▸ **RECORDS FOR THE TASK**
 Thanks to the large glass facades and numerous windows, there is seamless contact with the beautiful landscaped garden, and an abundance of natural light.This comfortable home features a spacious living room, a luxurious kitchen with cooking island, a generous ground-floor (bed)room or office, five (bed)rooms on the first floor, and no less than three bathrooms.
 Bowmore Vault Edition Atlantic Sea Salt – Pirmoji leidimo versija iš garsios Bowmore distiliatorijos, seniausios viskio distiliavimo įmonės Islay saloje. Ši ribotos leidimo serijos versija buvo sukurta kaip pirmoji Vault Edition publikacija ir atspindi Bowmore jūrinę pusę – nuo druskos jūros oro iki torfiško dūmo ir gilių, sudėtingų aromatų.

---

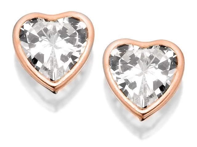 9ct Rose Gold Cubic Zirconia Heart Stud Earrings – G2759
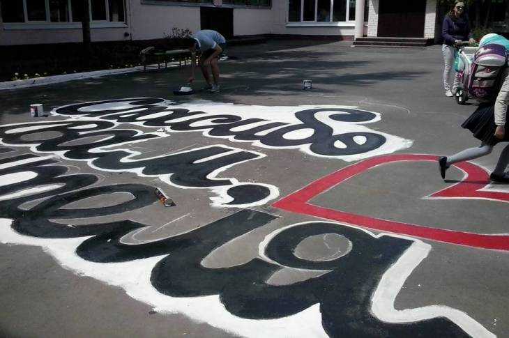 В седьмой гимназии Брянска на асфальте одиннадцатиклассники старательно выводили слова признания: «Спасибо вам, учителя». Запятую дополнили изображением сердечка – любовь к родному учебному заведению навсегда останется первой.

* * *

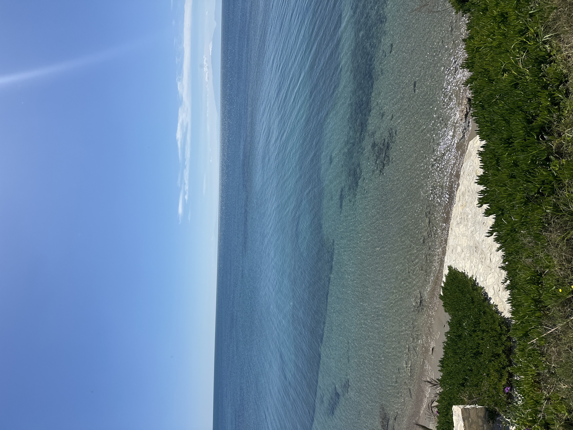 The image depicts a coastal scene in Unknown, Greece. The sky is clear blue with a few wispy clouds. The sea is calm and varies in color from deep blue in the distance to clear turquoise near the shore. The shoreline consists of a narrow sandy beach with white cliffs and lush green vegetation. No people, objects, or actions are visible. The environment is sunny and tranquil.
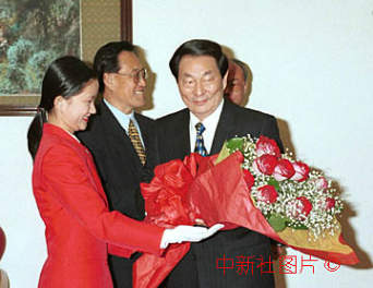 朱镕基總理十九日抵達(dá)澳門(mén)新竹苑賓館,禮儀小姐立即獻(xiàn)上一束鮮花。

▸ **ASSIGNMENT**
Using the material above, transcribe exactly the lines from the one holding "The image depicts" to the one holding "朱镕基總理十九日抵達(dá)", both ends kept. Do not carry over any pictures.

▸ **ANSWER BOX**
 The image depicts a coastal scene in Unknown, Greece. The sky is clear blue with a few wispy clouds. The sea is calm and varies in color from deep blue in the distance to clear turquoise near the shore. The shoreline consists of a narrow sandy beach with white cliffs and lush green vegetation. No people, objects, or actions are visible. The environment is sunny and tranquil.
 朱镕基總理十九日抵達(dá)澳門(mén)新竹苑賓館,禮儀小姐立即獻(xiàn)上一束鮮花。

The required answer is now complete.